Add to this the grief and distress other household members are experiencing. This may in addition be accompanied by increased emotional reliance on the pet as a source of comfort or alternatively, if relations were originally far from cordial, rejection of an added burden, and for many animals the world may indeed seem suddenly a strange and scary place.

Where multipet groups are concerned the effects of previously existing unrecognised stress and emotional strain might well be magnified if these socalled bonded groups were never as stable and happy as owners believed, particularly where management and resource provision are inappropriate and/ or inadequate; a not uncommon phenomenon.

Patient concerns

What of the patient, their familiarity and predictability from the pet’s point of view?

People who are ill generally suffer from reduced energy levels and from mood changes, so it is understandable if they have less time for a pet, less patience and interest in interacting with it. Or they may feel more self-protective than usual, fearing inadvertent injury or infection from scrabbling claws for example.

Alternatively they can become more clingy, deriving comfort and emotional solace from its presence. All well and good when the animal too enjoys prolonged close contact, not so great if he or she needs a marked degree of space and solitude to remain emotionally comfortable.

People around this central dyad, out of concern for the patient’s well-being, can additionally “interfere” in a relationship between owner and pet in a manner that is well-intentioned but ultimately unhelpful and does little to maintain the predictability from the animal’s point of view of this important part of the home environment.

On the right scent

Scent is a further issue worthy of consideration. We understand its importance in our animals’ world and many of us utilise it when we go away, leaving well worn garments as “comforters” to maintain bonds with “stay at home” cats and dogs.

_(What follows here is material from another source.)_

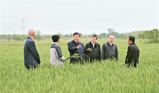 2023年5月11日至12日,中共中央總書記、國家主席、中央軍委主席習近平在河北考察,并主持召開深入推進京津冀協同發展座談會。這是11日上午,習近平在滄州市黃驊市舊城鎮仙莊片區旱堿地麥田考察時,同種植戶、農技專家親切交流。 新華社記者 李學仁/攝
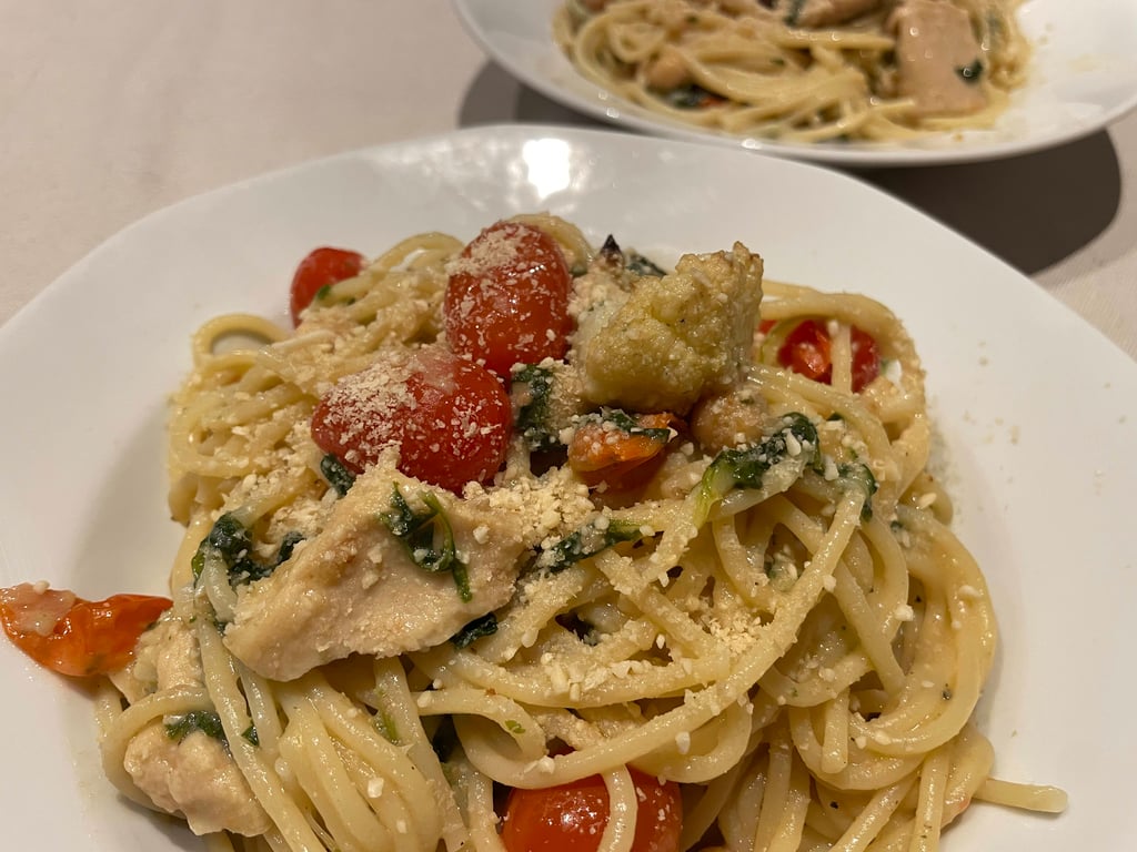 - Rovnou přidejte dvě hrsti mraženého nebo trochu víc čerstvého špenátu a promíchejte. V téhle fázi ještě přidám velkou sběračku vody z těstovin a dvě lžíce citronové šťávy. Do bešamelu pak pomalu přesunu pečený květák s cizrnou, případně opečená rajčata a promíchám. (Omáčka může být klidně trochu řidší, těstoviny jí hodně vypijí.) Naposledy doladím a dám do omáčky uvařené špagety. Promíchám a na talíři ještě posypu kešu parmezánem nebo opraženými ořechy.

Owners also commonly report that upon return they are diligently sniffed for prolonged periods and then “sent to Coventry” for some time before relationships settle back into established, familiar routines. In addition, it is recognised that a cat returning to its bonded companion feline smelling “surgical” can undermine, sometimes disastrously, a previously equable relationship.

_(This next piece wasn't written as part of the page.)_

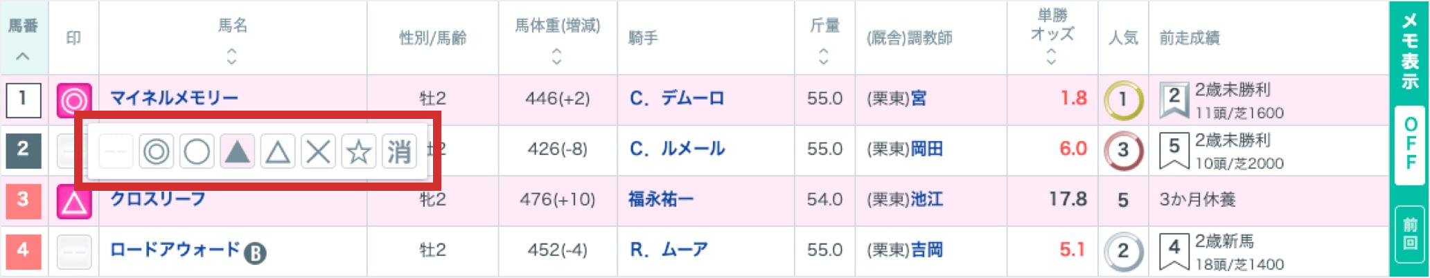 全レースの出馬表・AI予想・近走成績ページで予想印を入力できる機能です。

Is it then fanciful to suggest that the very process of supporting and nursing terminally ill people, often including as it does intermittent hospital and/or hospice care with all that involves, may for many ownerpet relationships be accompanied by considerable risks?

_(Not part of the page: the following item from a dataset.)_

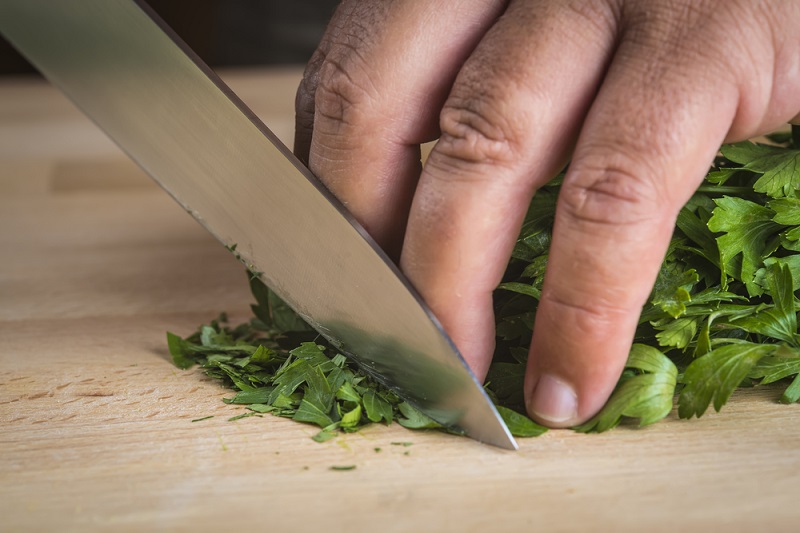 W następnej kolejności siekamy drobno zioła. Może to być, np. koperek albo pietruszka (wedle uznania).
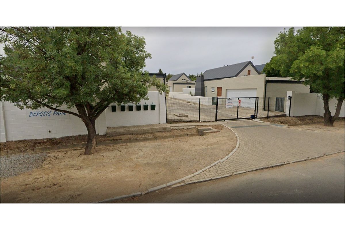 Countryside tranquillity in Porterville's Bergsig Park — mountain views and secure, quiet street living. Open-plan kitchen with built-in braai, two bedrooms and covered parking.

Risks that are frequently overlooked unless, or until, the pet’s behaviour is so negatively affected that it becomes unacceptable and is no longer tolerated – sadly at a time when human emotions are already running high and those concerned have many calls upon their time, energies and resilience – not therefore the best circumstances in which to tackle any companion animal behavioural issue.

Some of the referred behaviour cases I have dealt with suggest that it is not at all fanciful. And in view of current trends in human medicine and end-of-life care, this is an issue that may well affect those of us in veterinary and behavioural practice more frequently in years to come.